Vintage Robert Wesley Amich Framed Lithograph Print titled "The Great Divide. Signature at bottom right. This has some wear on frame as can be seen in photographs. The print appears to be in good condition but should be professionally cleaned to restore color. This has sold on past auction for $199.00. 

Robert Wesley Amich is best known for genre scenes of the "Old West" which he remembered from his childhood in Colorado. He was born to a ranching family who lived on Currant Creek near Canon City, Colorado.  He attended Yale University Law School and took art classes on the side.  Graduating in 1903, He moved to Cleveland, Ohio where he practiced law for two years. He left for New York where he studied privately and at the Art Students League from 1905 to 1909. By the time Amick completed his art education he had begun to sell illustrations to leading magazines including Harper's, Scribner's, American, Redbook, and Metropolitan.  He established a home and studio at Washington Square in New York where he did landscape and genre paintings of both eastern and western scenes, in addition his illustration work.  Amick was elected to the Society of Illustrators in 1913.  In 1915 he opened a summer studio at Woodstock, New York which became a favorite gathering place of members of the art colony.

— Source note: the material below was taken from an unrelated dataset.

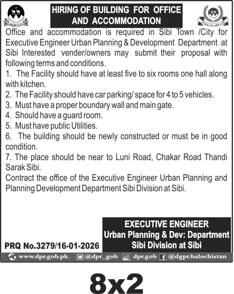 This tender invites proposals for hiring a building to serve as office and accommodation for the Executive Engineer of the Urban Planning and Development Department in Sibi. The requirement is specific to Sibi city, focusing on a facility that supports administrative and residential needs within the department's operational framework.

Between 1921 and 1929, the United States Printing and Lithograph Company reproduced twelve of Amick's western paintings.  They were distributed to public schools around the country and also sold at retail. Amick founded the Art Society of Old Greenwich in 1927 and served as its president for seventeen years.  In the 1940s he added portraits to his body of work, completing more than 100 images of local celebrities.  Always fond of painting horses, Amick made a portrait of the legendary racehorse, Man o' War in 1942. The painting was instantly popular and he was compelled to paint at least two other versions.  The original was made into a top-selling poster.  A year after Amick's death, his most devoted collector, Roy C. Coffee of Texas, organized an exhibition of his paintings which traveled through Colorado, Arizona, New Mexico and Texas.